◆ **PROMPT**: Only the lines from the top of the listing below through the line containing "de Pardinyes; a" should be output, exactly and with no pictures.

◆ **RAW DATA**:
☆ ☆ ☆ ☆ ☆ ☆ ☆

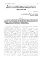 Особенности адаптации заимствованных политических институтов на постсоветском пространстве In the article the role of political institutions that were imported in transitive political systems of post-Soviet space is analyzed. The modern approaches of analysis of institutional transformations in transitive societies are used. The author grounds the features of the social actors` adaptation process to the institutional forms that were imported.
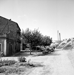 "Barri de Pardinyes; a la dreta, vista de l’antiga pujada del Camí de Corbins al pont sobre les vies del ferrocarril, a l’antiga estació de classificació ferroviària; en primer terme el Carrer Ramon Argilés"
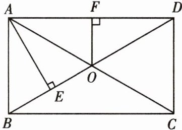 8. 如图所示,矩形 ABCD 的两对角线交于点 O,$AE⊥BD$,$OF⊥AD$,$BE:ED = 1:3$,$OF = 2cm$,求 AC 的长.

☆ ☆ ☆ ☆ ☆ ☆ ☆

◆ **RESULT FOR THIS TASK**:
 Особенности адаптации заимствованных политических институтов на постсоветском пространстве In the article the role of political institutions that were imported in transitive political systems of post-Soviet space is analyzed. The modern approaches of analysis of institutional transformations in transitive societies are used. The author grounds the features of the social actors` adaptation process to the institutional forms that were imported.
 "Barri de Pardinyes; a la dreta, vista de l’antiga pujada del Camí de Corbins al pont sobre les vies del ferrocarril, a l’antiga estació de classificació ferroviària; en primer terme el Carrer Ramon Argilés"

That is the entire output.